** DIRECTIONS FOR THIS TASK **
Give back the whole listing verbatim, printing none of its pictures.

** Opening TASK MATERIAL block **

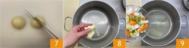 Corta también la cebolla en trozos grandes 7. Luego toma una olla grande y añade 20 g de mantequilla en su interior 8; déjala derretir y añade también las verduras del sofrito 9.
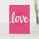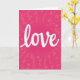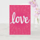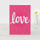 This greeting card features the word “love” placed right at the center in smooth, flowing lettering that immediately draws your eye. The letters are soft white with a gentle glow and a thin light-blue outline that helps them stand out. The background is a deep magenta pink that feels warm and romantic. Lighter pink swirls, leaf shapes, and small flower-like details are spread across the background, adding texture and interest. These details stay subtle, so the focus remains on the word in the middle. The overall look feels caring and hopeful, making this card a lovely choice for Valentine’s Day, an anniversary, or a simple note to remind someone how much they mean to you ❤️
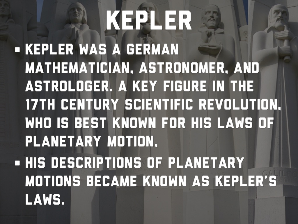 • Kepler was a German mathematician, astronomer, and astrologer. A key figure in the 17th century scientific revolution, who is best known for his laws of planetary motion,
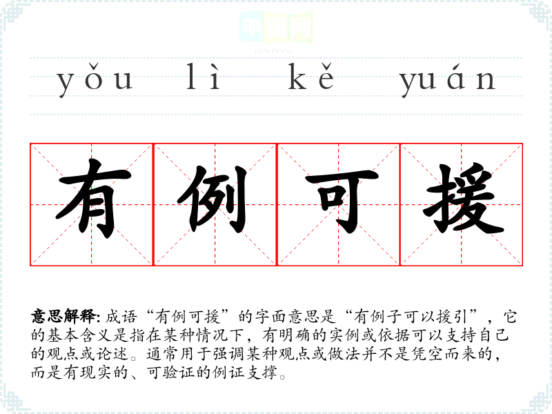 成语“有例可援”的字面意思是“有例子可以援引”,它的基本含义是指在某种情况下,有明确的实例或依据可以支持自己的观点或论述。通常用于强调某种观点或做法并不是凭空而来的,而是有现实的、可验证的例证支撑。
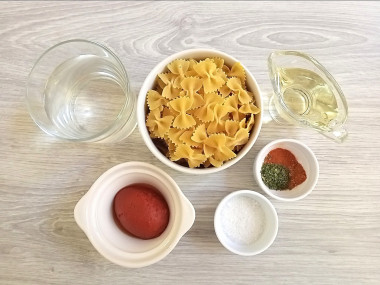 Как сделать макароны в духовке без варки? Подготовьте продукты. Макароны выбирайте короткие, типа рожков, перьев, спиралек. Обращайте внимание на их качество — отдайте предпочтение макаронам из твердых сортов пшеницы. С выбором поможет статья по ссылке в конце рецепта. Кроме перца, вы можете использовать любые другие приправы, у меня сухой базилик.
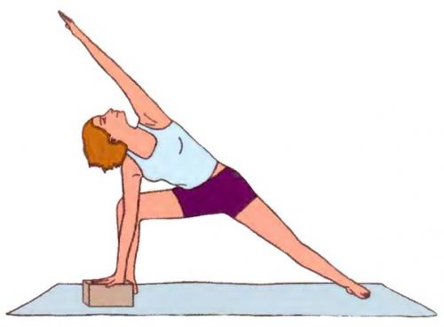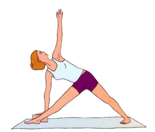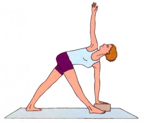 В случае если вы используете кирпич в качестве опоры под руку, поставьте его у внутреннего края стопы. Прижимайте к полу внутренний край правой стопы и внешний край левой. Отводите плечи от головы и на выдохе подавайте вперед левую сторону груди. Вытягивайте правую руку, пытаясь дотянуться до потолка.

** Closing TASK MATERIAL block **

** SOLVED EXERCISE **
 Corta también la cebolla en trozos grandes 7. Luego toma una olla grande y añade 20 g de mantequilla en su interior 8; déjala derretir y añade también las verduras del sofrito 9.
 This greeting card features the word “love” placed right at the center in smooth, flowing lettering that immediately draws your eye. The letters are soft white with a gentle glow and a thin light-blue outline that helps them stand out. The background is a deep magenta pink that feels warm and romantic. Lighter pink swirls, leaf shapes, and small flower-like details are spread across the background, adding texture and interest. These details stay subtle, so the focus remains on the word in the middle. The overall look feels caring and hopeful, making this card a lovely choice for Valentine’s Day, an anniversary, or a simple note to remind someone how much they mean to you ❤️
 • Kepler was a German mathematician, astronomer, and astrologer. A key figure in the 17th century scientific revolution, who is best known for his laws of planetary motion,
 成语“有例可援”的字面意思是“有例子可以援引”,它的基本含义是指在某种情况下,有明确的实例或依据可以支持自己的观点或论述。通常用于强调某种观点或做法并不是凭空而来的,而是有现实的、可验证的例证支撑。
 Как сделать макароны в духовке без варки? Подготовьте продукты. Макароны выбирайте короткие, типа рожков, перьев, спиралек. Обращайте внимание на их качество — отдайте предпочтение макаронам из твердых сортов пшеницы. С выбором поможет статья по ссылке в конце рецепта. Кроме перца, вы можете использовать любые другие приправы, у меня сухой базилик.
 В случае если вы используете кирпич в качестве опоры под руку, поставьте его у внутреннего края стопы. Прижимайте к полу внутренний край правой стопы и внешний край левой. Отводите плечи от головы и на выдохе подавайте вперед левую сторону груди. Вытягивайте правую руку, пытаясь дотянуться до потолка.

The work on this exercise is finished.